** Exercise data **
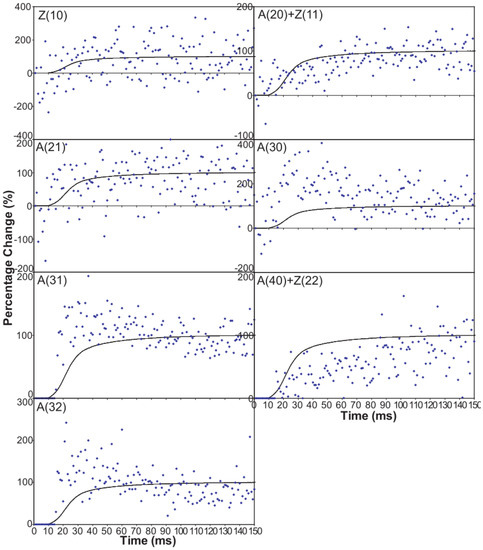 where the sum extended over the whole time course (t = 1, …, 150 ms). w10, ..., w40 are weight factors appropriately chosen to correct for the intrinsic noise and reduced reliability of the higher order reflections.
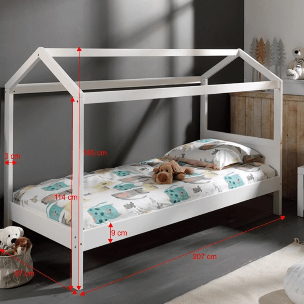 Postel je vyrobena z kombinace borovicového dřeva, MDF a překližky, což zaručuje pevnost, stabilitu a dlouhou životnost. Nízká konstrukce umožňuje dítěti snadno vlézt i vylézt z postele bez pomoci dospělých, čímž podporuje jeho nezávislost a sebedůvěru.
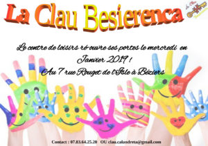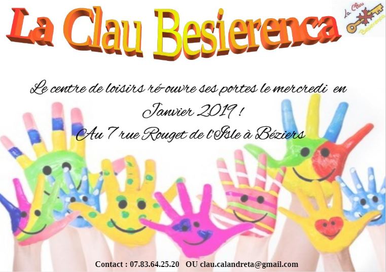 Nous avons le plaisir de vous annoncer qu’à partir du mercredi 9 janvier 2019, le centre de loisirs la Clau Besierenca ré-ouvrira ses portes.

** Instructions to follow **
Nothing but an exact copy of the data, without pictures, should be returned.

** Your response **
 where the sum extended over the whole time course (t = 1, …, 150 ms). w10, ..., w40 are weight factors appropriately chosen to correct for the intrinsic noise and reduced reliability of the higher order reflections.
 Postel je vyrobena z kombinace borovicového dřeva, MDF a překližky, což zaručuje pevnost, stabilitu a dlouhou životnost. Nízká konstrukce umožňuje dítěti snadno vlézt i vylézt z postele bez pomoci dospělých, čímž podporuje jeho nezávislost a sebedůvěru.
 Nous avons le plaisir de vous annoncer qu’à partir du mercredi 9 janvier 2019, le centre de loisirs la Clau Besierenca ré-ouvrira ses portes.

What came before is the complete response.